Python provides a snakeviz module that can automatically make Python script profiling viz from the log file generated by cProfile. It has two visualization styles, namely icicle, and sunburst charts.
- Icicle chart — the time taken by functions to run will be visualized by the width of a rectangle. The root function is on the top of viz which has the largest width. The root function runs by calling the sub-functions below it and so on. The smaller a rectangle width, the faster a function is executed
- Sunburst chart — the time taken by functions to run will be visualized by an angular extent of the arc. The root function is a circle in the middle of viz. The root function runs by calling the sub-functions below it and so on
Create profiling viz for the machine learning function
Let’s create a machine-learning pipeline for the iris data set. Further, it has a goal to produce a classification model that will help us to predict the species class based on a given characteristic, such as petal length, petal width, sepal length, sepal width, etc.
The machine learning model uses logistic regression as the benchmark and the metric used is accuracy. The function called irisDataClassification() will print out the final accuracy.
It’s a common real problem that usually needs runtime optimization when the data becomes bigger or the algorithm is more complex. The Python script profiling will help us assess which one of the codes or functions must be optimized.
def irisDataClassification():
# Import modules
from sklearn import datasets
from sklearn.model_selection import train_test_split
from sklearn.linear_model import LogisticRegression
from sklearn.metrics import accuracy_score
# Import some data to play with
iris = datasets.load_iris()
X, y = iris.data, iris.target
# Data splitting
X_train, X_test, y_train, y_test = train_test_split(
X,
y,
test_size = 0.2,
random_state = 1,
stratify = y)
# Create logistic regression object
model = LogisticRegression()
# Data modelling with logistic regression
model.fit(X_train, y_train)
# Create prediction using testing data
y_pred = model.predict(X_test)
# Print out the accuracy
accuracy = accuracy_score(y_test, y_pred)

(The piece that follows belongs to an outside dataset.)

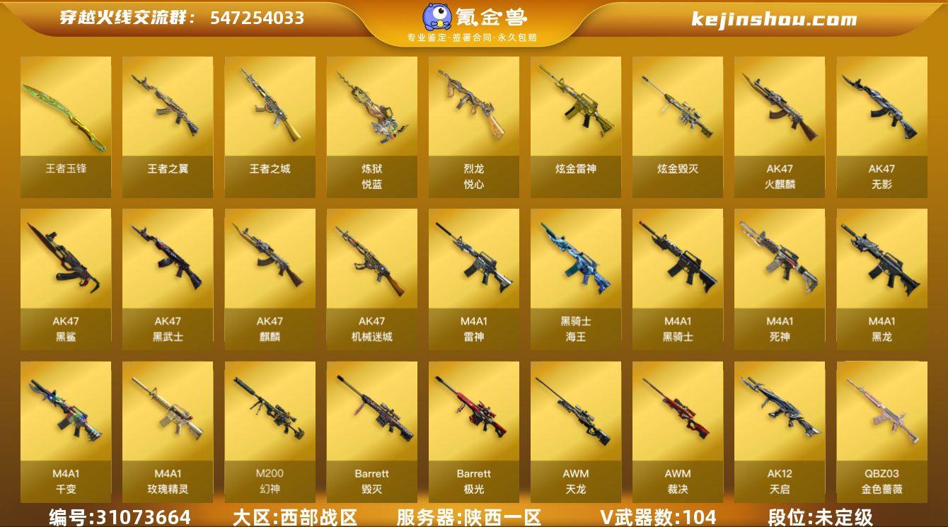 9647/西部/陕西一区/可排位/【荣耀枪王75豆】【Lv.102 荣耀元帅】VIP6/104V/幻神/幻神电竞之星/幻神丹凤/幻神降龙/幻神动感闪耀音效卡/青龙/QBZ金色蔷薇/*2/QBZ荣耀世冠EP/金色蔷薇电竞之星/金色蔷薇古蛇迷踪/巴雷特金色蔷薇/6修罗/修罗古蛇迷踪/王者玉锋/王者之击/尼泊尔雷霆/龙啸烈火龙威/两套雷霆手雷/一套雷暴手雷/一套竞技荣光手雷/【皮肤音效卡】/毁灭虹光风暴/毁灭英雄计划/雷神烈虎/雷神化蛇/雷神源计划2.0专属/毁灭音效卡/黑骑士音效卡/烈龙云海游龙音效卡/死神雪域霜狐怀旧音效卡/天神动感闪耀音效卡/【1个四防角色】/王者葵貂蝉/【其他角色】/隼/王者凌霄/荆棘玫瑰/灵狐者黄金海岸/葵/零/零纪元/战地猎狐/葵阿尔法武装/奇洋探员/乔伊教练/蛇隐宗/王者之瞳/修道士/雪域霜狐/云海玲珑/【玩偶武器】/朱雀蛇隐宗/雷神精英刀锋/火麒麟灵狐/天龙曼陀罗/牛牛AK47///各种道具、饰品/细节看图/【账号未封禁过十年】/

print(accuracy)The snakeviz module provides us with two options to generate the visualization or dashboard, via Jupyter Notebook or Terminal. When the scripts become more complex, I suggest using the terminal because it will open new windows in the browser.
Create a visualization using Jupyter Notebook
It’s easy to display the visualization by calling the irisDataClassiication() in the %snakeviz command.
# Python script profiling viz with SnakeViz
%load_ext snakeviz
%snakeviz irisDataClassification()

Create a visualization using the Terminal
Firstly, the function irisDataVisualization must be saved in .py file. Next, open the terminal and change the directory into a folder where the .py file located. Then, run the snakeviz command followed by the filename of irisDataClassification viz.
A new tab will automatically open for the viz.
The filename is adjusted to your needs
snakeviz iris_classification.prof
The default visualization style uses an icicle chart but we can change it to the sunburst chart by the style dropdown option.

The stats table is displayed at the bottom of viz.